→ **Given information**:
==================================================
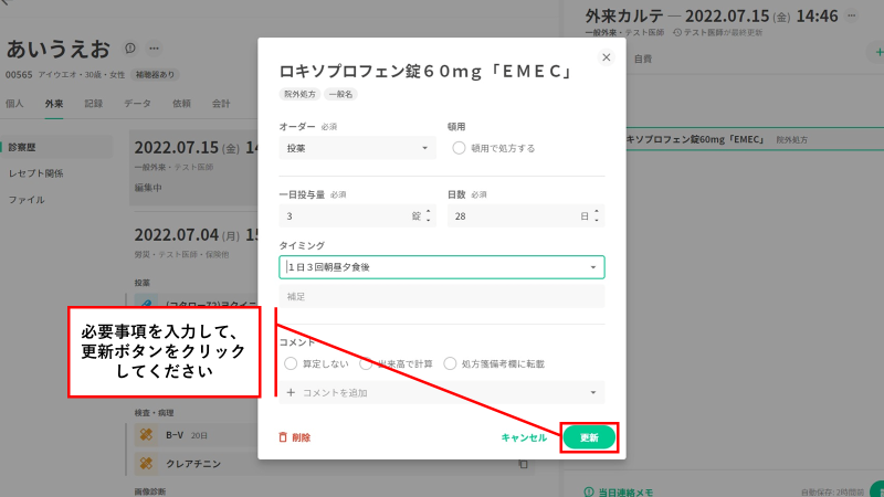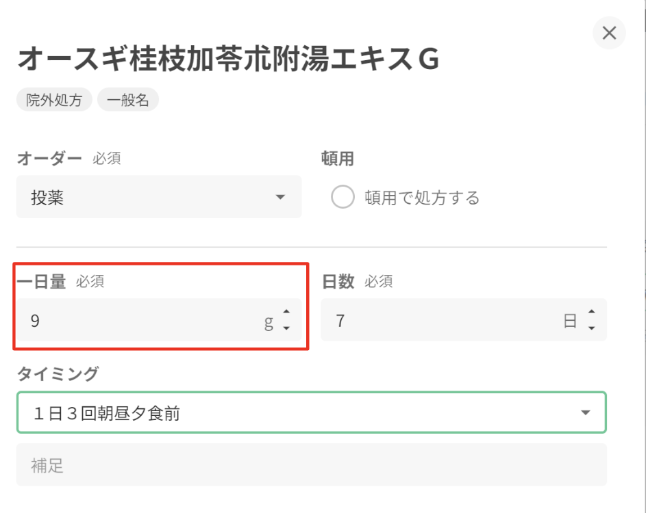 補足 フリーコメントを入力できます。タイミングの選択肢にない任意の用法用量を入力する場合などに使用してください。
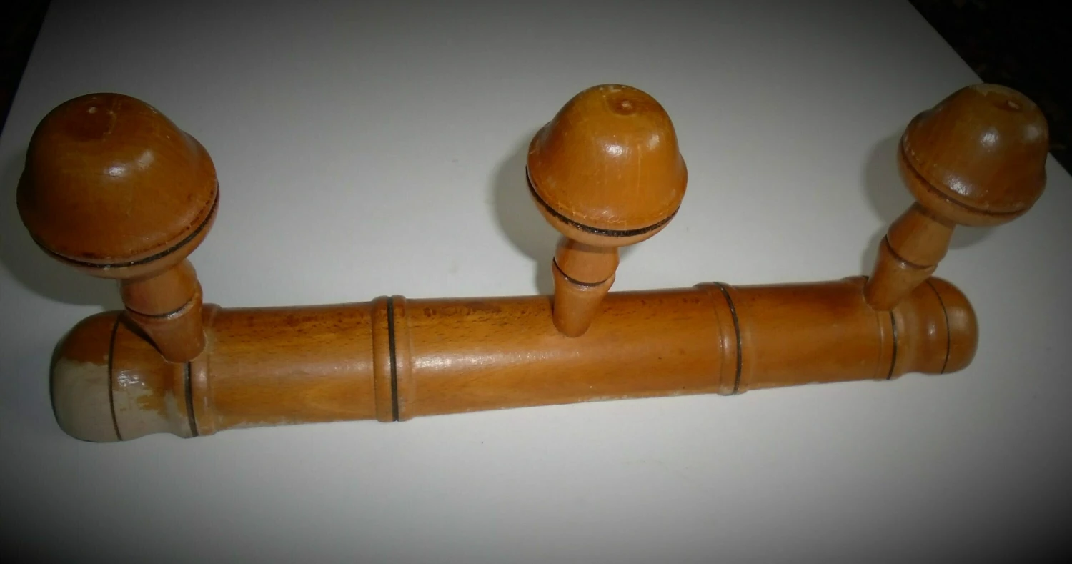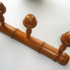 This is a vintage French faux bamboo wooden three hook wall coat rack, from the 1950s. These were very popular back in their day in French country homes. This model has three hanging hooks. No hanging hooks or holes yet drilled for hanging purposes. Some inactive woodworm holes can be seen, commensurate with age. A nice house-warming gift for your vintage loving friends perhaps or a unique hostess gift (who could not do with more coat hanging hooks?). Can be used anywhere in the home – in the kitchen to hang tea towels or pots from, in the bathroom to hang towels on, in the porch, in the hallway, for coats and hats, etc.
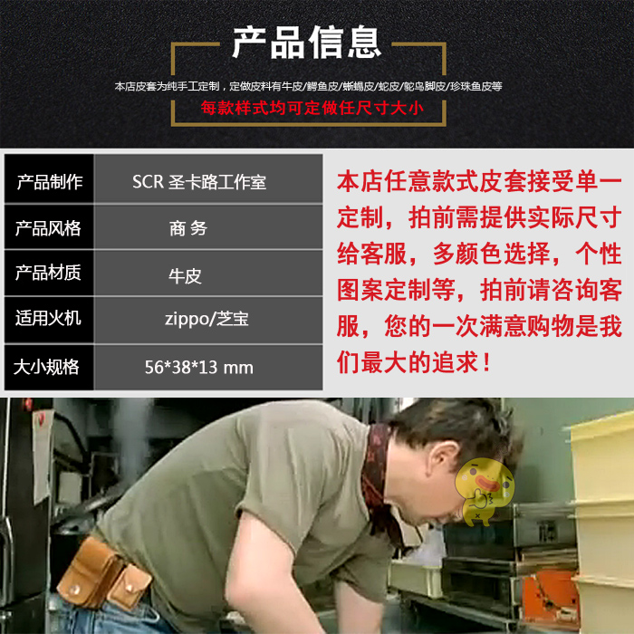 Handmade genuine leather lighter leather jacket Applicable zippo Zhi Bao Hung Waist Lighter set Sub original Custom Size
==================================================
→ **What the task requires**:
Copy the material shown above in full and exactly. Skip the pictures.

→ **Result of the exercise**:
 補足 フリーコメントを入力できます。タイミングの選択肢にない任意の用法用量を入力する場合などに使用してください。
 This is a vintage French faux bamboo wooden three hook wall coat rack, from the 1950s. These were very popular back in their day in French country homes. This model has three hanging hooks. No hanging hooks or holes yet drilled for hanging purposes. Some inactive woodworm holes can be seen, commensurate with age. A nice house-warming gift for your vintage loving friends perhaps or a unique hostess gift (who could not do with more coat hanging hooks?). Can be used anywhere in the home – in the kitchen to hang tea towels or pots from, in the bathroom to hang towels on, in the porch, in the hallway, for coats and hats, etc.
 Handmade genuine leather lighter leather jacket Applicable zippo Zhi Bao Hung Waist Lighter set Sub original Custom Size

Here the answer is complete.